## Problem to solve
For this exercise, transcribe all the entries exactly as given and omit the images.

--- Records provided Enclosed Below ---

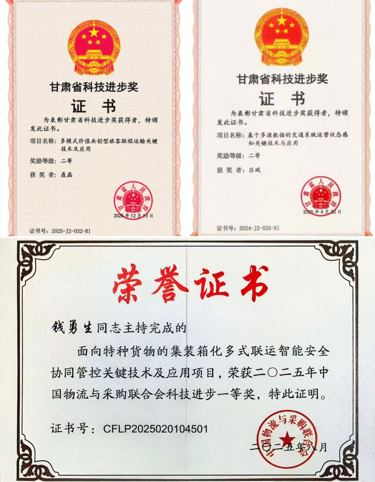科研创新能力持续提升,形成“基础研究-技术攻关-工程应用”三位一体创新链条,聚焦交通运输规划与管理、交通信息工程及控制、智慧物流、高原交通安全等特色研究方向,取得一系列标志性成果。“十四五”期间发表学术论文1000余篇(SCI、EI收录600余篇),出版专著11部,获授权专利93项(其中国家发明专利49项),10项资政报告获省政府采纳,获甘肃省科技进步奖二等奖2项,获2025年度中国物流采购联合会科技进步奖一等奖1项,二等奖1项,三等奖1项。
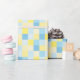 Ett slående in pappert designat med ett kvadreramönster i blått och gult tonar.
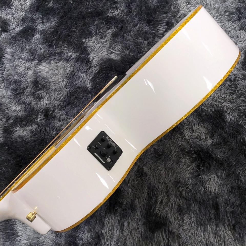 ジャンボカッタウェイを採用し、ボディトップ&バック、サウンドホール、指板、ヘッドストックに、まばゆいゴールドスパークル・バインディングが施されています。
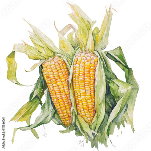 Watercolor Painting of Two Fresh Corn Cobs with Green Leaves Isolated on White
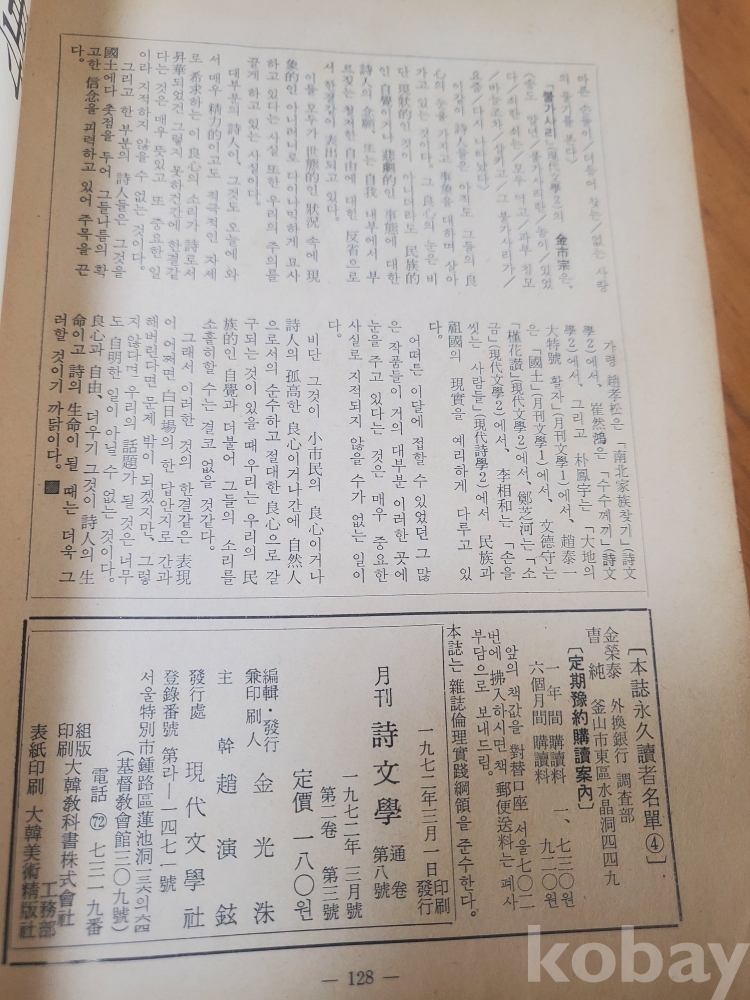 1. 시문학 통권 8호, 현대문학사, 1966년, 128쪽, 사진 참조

--- End of Enclosed Records provided ---

## Exercise output
科研创新能力持续提升,形成“基础研究-技术攻关-工程应用”三位一体创新链条,聚焦交通运输规划与管理、交通信息工程及控制、智慧物流、高原交通安全等特色研究方向,取得一系列标志性成果。“十四五”期间发表学术论文1000余篇(SCI、EI收录600余篇),出版专著11部,获授权专利93项(其中国家发明专利49项),10项资政报告获省政府采纳,获甘肃省科技进步奖二等奖2项,获2025年度中国物流采购联合会科技进步奖一等奖1项,二等奖1项,三等奖1项。
 Ett slående in pappert designat med ett kvadreramönster i blått och gult tonar.
 ジャンボカッタウェイを採用し、ボディトップ&バック、サウンドホール、指板、ヘッドストックに、まばゆいゴールドスパークル・バインディングが施されています。
 Watercolor Painting of Two Fresh Corn Cobs with Green Leaves Isolated on White
 1. 시문학 통권 8호, 현대문학사, 1966년, 128쪽, 사진 참조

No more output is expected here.